What to Do if You Have an Ingrown Toenail

If you have an ingrown toenail, the first step is soaking your foot in warm water for 15 minutes, then gently trying to lift the nail edge away from the skin. Most mild cases resolve at home within a few weeks with consistent daily care. If you see pus, significant swelling, or spreading redness, that signals an infection that needs professional treatment.

Start With Daily Warm Soaks

Soak the affected foot in warm, soapy water for 10 to 20 minutes once a day. This softens the nail and the surrounding skin, making it easier to work with and reducing pressure on the inflamed area. Repeat this daily until the nail has grown out past the skin edge and you can trim it normally.

After each soak, apply an over-the-counter antibiotic ointment to the area. While no clinical trials have proven the effectiveness of conservative home care on its own, it’s considered a reasonable approach when you don’t have significant pain, heavy redness, or pus draining from the nail edge.

Lifting the Nail Edge

Once the nail is soft from soaking, you can try tucking a small wisp of clean cotton or a piece of dental floss under the ingrown corner. The goal is to create a tiny barrier between the nail and the skin, encouraging the nail to grow over the skin rather than into it. An uncontrolled case series found that cotton wisps produced symptom improvement in 79% of cases over about 24 weeks of follow-up. If the cotton falls out, replace it after your next soak.

Dental floss inserted at an angle under the ingrown corner works similarly and can provide almost immediate pain relief with minimal discomfort. Either method works best for mild to moderate cases where infection hasn’t set in.

How to Tell if It’s Infected

An ingrown toenail crosses into infection territory when you notice liquid or pus coming from the toe, the skin around the nail becomes noticeably red or darkened, the area is swollen, or the toe feels warm or hot to the touch. Pain that’s getting worse rather than better over several days is another warning sign.

In rare, chronic cases, an ingrown toenail infection can spread through the toe and into the bone. If your symptoms are worsening despite home care, or if pus is present from the start, skip the home remedies and see a podiatrist or your primary care doctor.

Why Diabetes Changes the Approach

If you have diabetes, don’t attempt to treat an ingrown toenail at home. Diabetes reduces blood flow to the feet and can damage the nerves, meaning you may not feel how severe the problem actually is. You’re at higher risk for complications including serious infections that heal slowly or not at all. Board-certified podiatrists recommend that all people with diabetes seek professional care for ingrown toenails rather than managing them independently. The same applies if you have peripheral artery disease or other conditions that affect circulation in your feet.

What Happens at the Doctor’s Office

When home care isn’t enough, the most common professional treatment is a partial nail removal. Your doctor numbs the toe with a local anesthetic, then cuts a straight line from the tip of the nail back toward the base, removing just the strip of nail that’s digging into the skin. The procedure itself takes only a few minutes.

If your ingrown toenails keep coming back, your doctor can permanently prevent regrowth along that edge by destroying the nail-forming tissue underneath. This is typically done with a chemical (phenol or sodium hydroxide) or with a heated instrument. The results are excellent: a study published in the Annals of Family Medicine found a 99.7% success rate with phenol treatment over a 24-month follow-up period, with only a single recurrence out of hundreds of cases.

For comparison, simply cutting away the ingrown edge without destroying the root has a recurrence rate of about 39%. That’s why permanent root treatment is the preferred option for chronic or recurring ingrown nails.

Recovery After a Procedure

Most people return to work or school the next day after an ingrown toenail procedure. The toe will be bandaged and tender, but manageable with over-the-counter pain relief. Avoid swimming until the site has fully healed, and scale back on intense exercise during recovery.

If only part of the nail was removed, expect healing to take six to eight weeks.

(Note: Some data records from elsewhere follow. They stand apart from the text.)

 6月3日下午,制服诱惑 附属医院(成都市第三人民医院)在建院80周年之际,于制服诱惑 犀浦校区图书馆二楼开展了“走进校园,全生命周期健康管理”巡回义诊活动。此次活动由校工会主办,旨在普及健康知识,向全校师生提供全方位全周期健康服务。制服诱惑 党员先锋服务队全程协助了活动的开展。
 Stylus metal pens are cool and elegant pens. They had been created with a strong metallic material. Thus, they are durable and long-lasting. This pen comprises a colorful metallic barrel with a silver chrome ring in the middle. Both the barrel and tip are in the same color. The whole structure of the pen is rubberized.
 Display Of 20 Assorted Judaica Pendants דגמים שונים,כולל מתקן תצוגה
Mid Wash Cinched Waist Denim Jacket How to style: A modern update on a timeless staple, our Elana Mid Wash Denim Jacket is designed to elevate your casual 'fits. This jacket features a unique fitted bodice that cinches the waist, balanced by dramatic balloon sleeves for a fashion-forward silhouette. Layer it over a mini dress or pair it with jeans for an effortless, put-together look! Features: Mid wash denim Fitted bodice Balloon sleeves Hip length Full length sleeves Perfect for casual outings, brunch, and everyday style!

A full nail removal takes closer to eight to ten weeks. During this time, you’ll keep the area clean and bandaged as directed. The nail (or the remaining portion) will gradually regrow, though the treated edge won’t come back if root destruction was performed.

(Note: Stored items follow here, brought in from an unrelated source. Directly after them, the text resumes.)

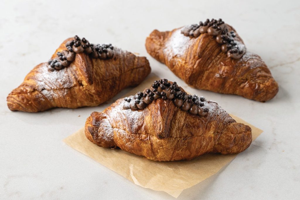 Menu / Seasonal Sweets / Croissant filled with Nutella®Croissant filled with Nutella® Flaky croissant filled and topped with Nutella® and chocolate crisp pearls. Contains: Egg, Hazelnut, Milk, Soy, Wheat 450 Calories per serving
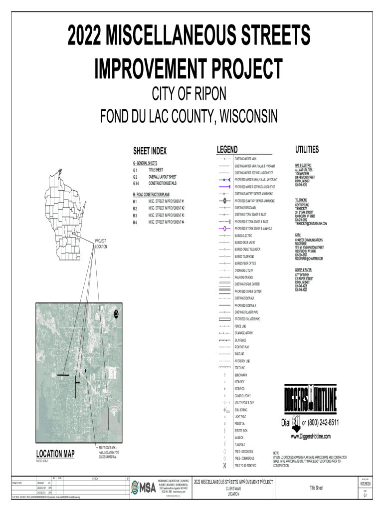 2022 MISCELLANEOUS STREETS IMPROVEMENT PROJECT CITY OF RIPEN FOND DU LAC COUNTY, WISCONSIN SHEET INDEXLEGENDG GENERAL SHEETS TITLE SHEET G1 OVERALL LAYOUT SHEET G2 CONSTRUCTION DETAILS G 35 R ROAD
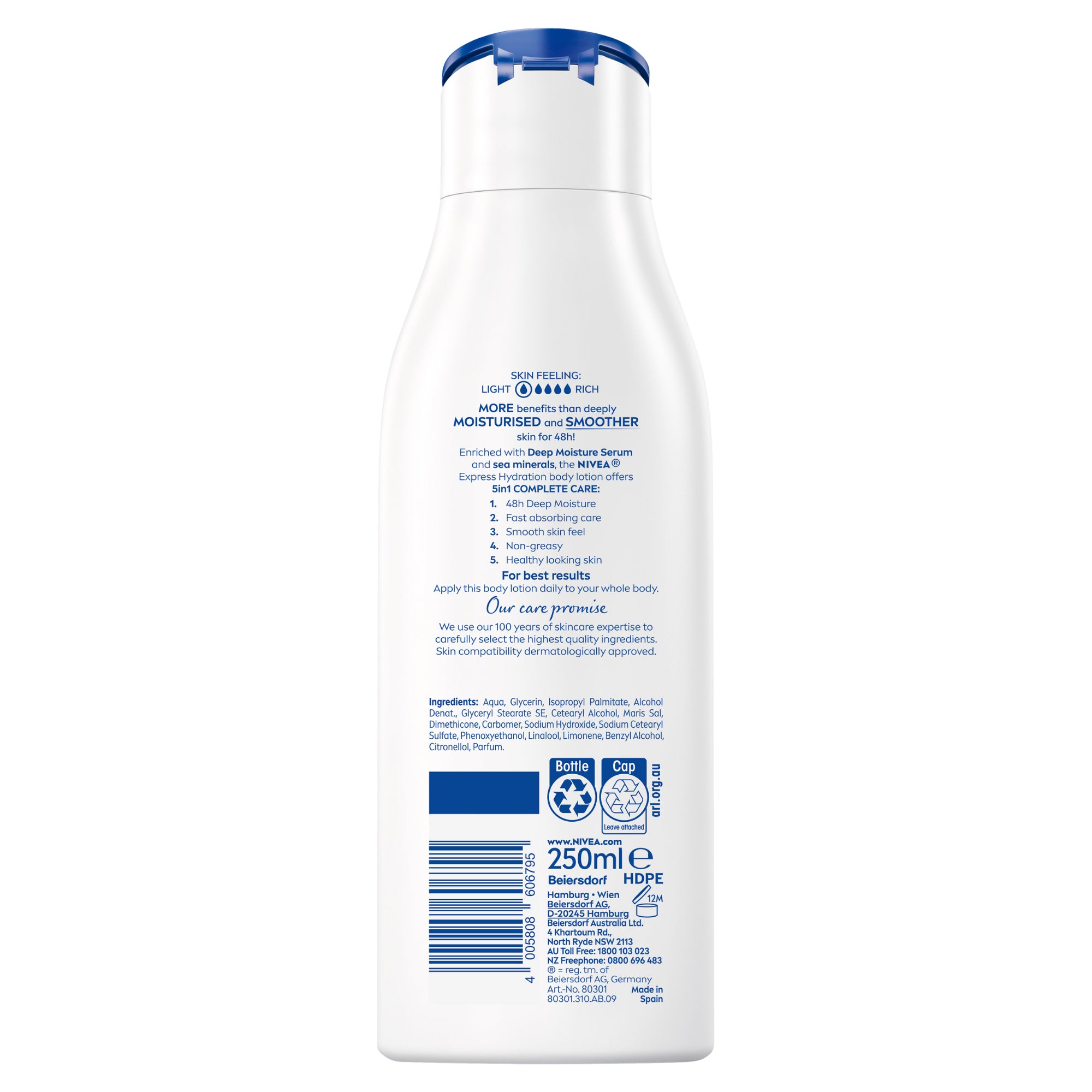 48h fast absorbing deep moisture care and noticeably smoother skin: NIVEA Express Hydration body lotion.

Preventing Ingrown Toenails From Returning

The single most important habit is cutting your toenails straight across. Rounding the corners or cutting them into a curved shape encourages the edges to grow into the surrounding skin. Use a clean, sharp nail clipper and avoid tearing or picking at the nails. Don’t cut them too short. The nail should be roughly even with the tip of your toe.

Footwear matters just as much. Shoes with a narrow or pointed toe box press the toes together and push the nail into the skin with every step. Choose shoes with a roomy toe area, and avoid wearing tight socks or stockings that compress your toes for long periods. If you’re a runner or play sports that involve sudden stops (tennis, basketball, soccer), make sure your athletic shoes give your toes at least a thumb’s width of space at the front.